» **What the exercise asks**
Begin at the line containing "モーニングでは鉄板ピザトーストと、タルトのセットがあるんですが" in the entries below and end at the line containing "Wall Art Print"; transcribe that range exactly and nothing outside it.
Available data: Begin
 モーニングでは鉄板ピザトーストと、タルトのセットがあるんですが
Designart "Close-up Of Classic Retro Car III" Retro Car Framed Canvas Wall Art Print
Available data: End
Available data: Begin
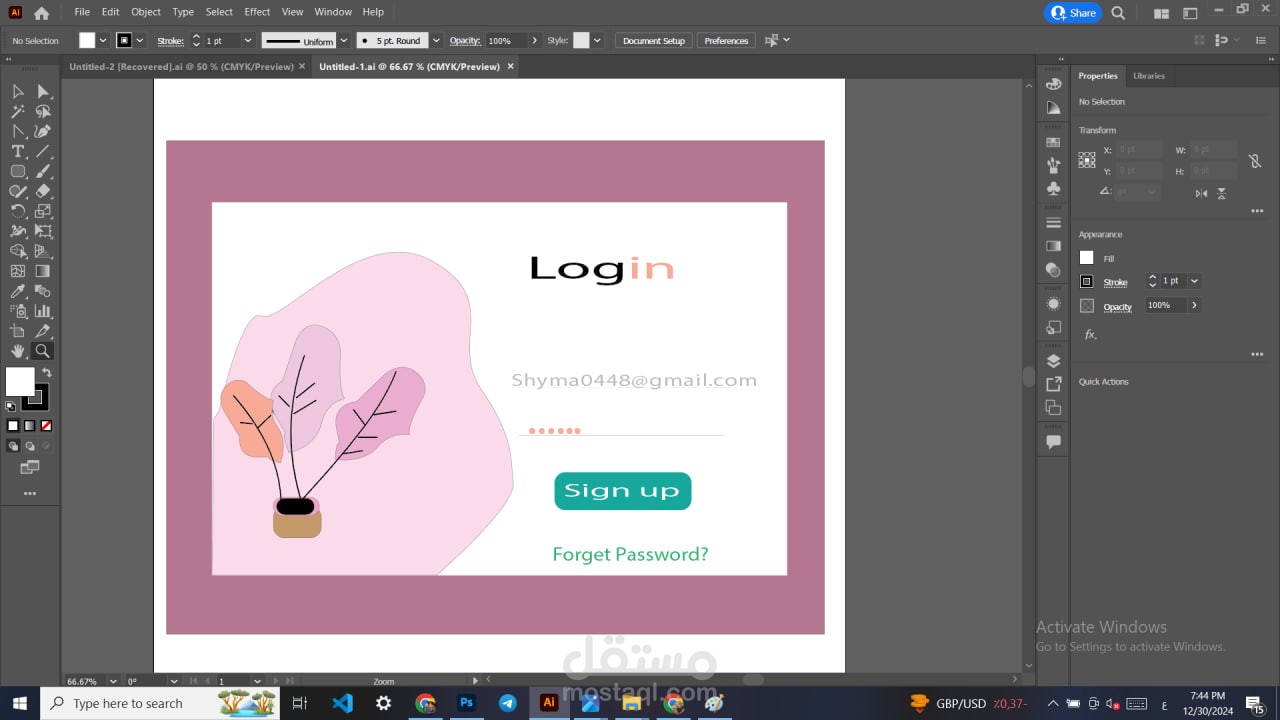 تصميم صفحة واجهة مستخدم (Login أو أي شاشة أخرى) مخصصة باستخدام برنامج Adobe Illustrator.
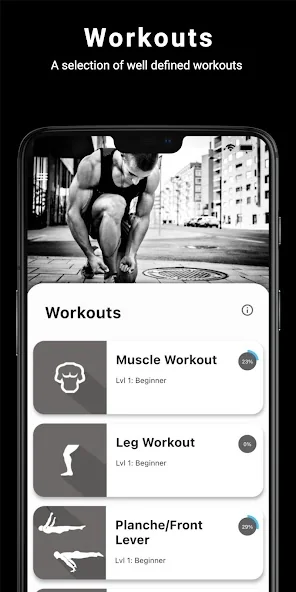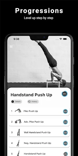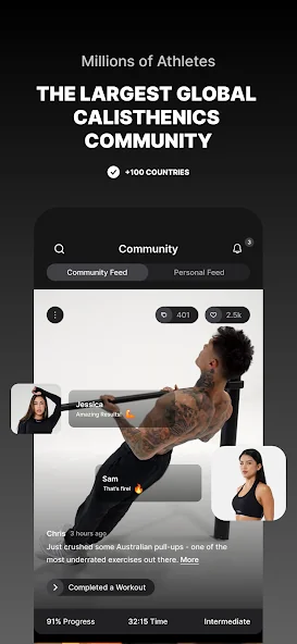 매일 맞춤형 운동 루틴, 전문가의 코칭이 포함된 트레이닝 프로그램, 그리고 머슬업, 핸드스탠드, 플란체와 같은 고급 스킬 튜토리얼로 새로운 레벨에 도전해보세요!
Available data: End
Available data: Begin
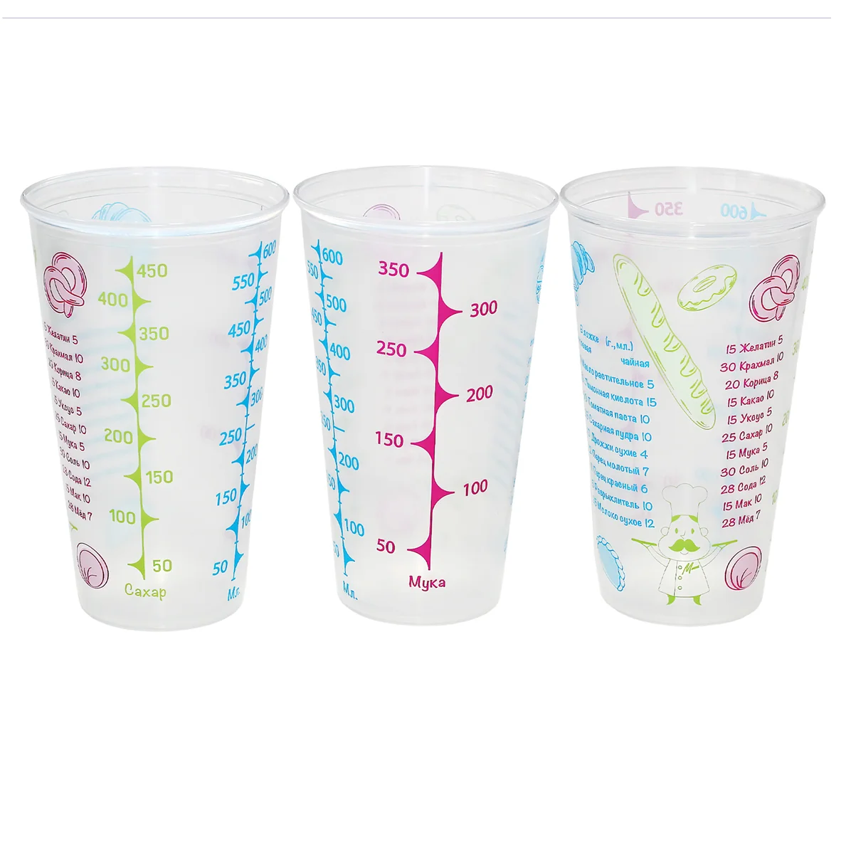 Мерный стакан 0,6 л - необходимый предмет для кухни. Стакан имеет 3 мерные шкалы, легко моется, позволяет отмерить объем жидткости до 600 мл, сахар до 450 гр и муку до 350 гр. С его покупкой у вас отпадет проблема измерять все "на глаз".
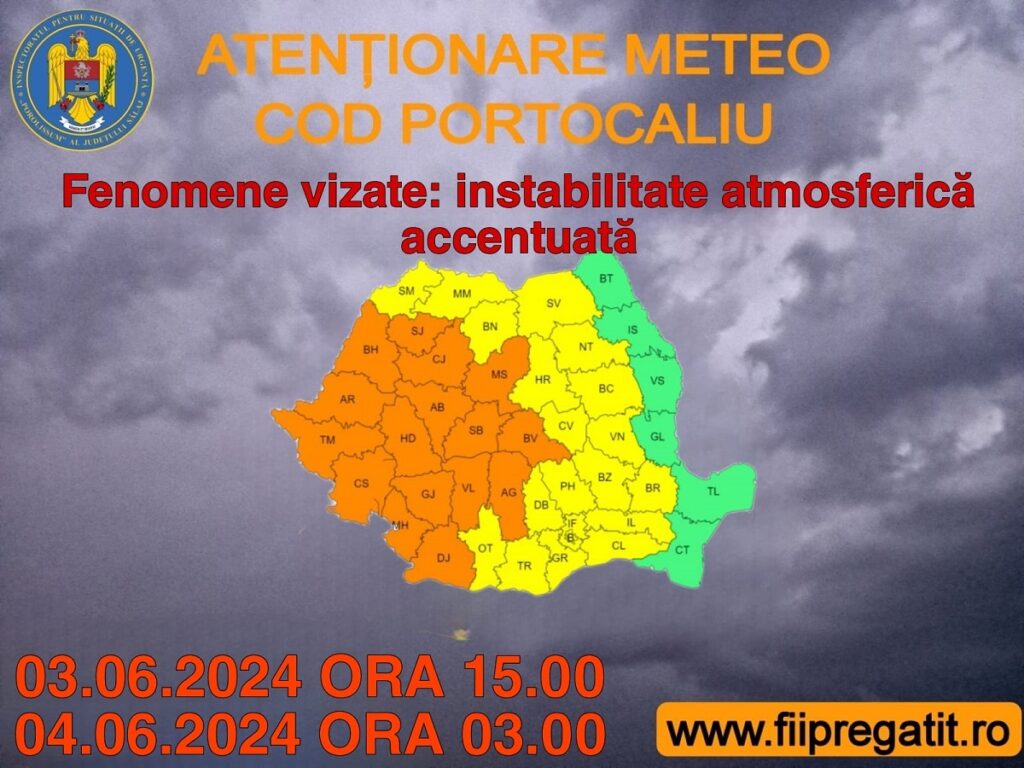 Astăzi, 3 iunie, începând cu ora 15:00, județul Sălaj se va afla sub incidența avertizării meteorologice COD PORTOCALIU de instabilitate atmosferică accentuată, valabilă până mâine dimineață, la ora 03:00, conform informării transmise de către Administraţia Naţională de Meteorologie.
Available data: End
» **Response to the exercise**
 モーニングでは鉄板ピザトーストと、タルトのセットがあるんですが
Designart "Close-up Of Classic Retro Car III" Retro Car Framed Canvas Wall Art Print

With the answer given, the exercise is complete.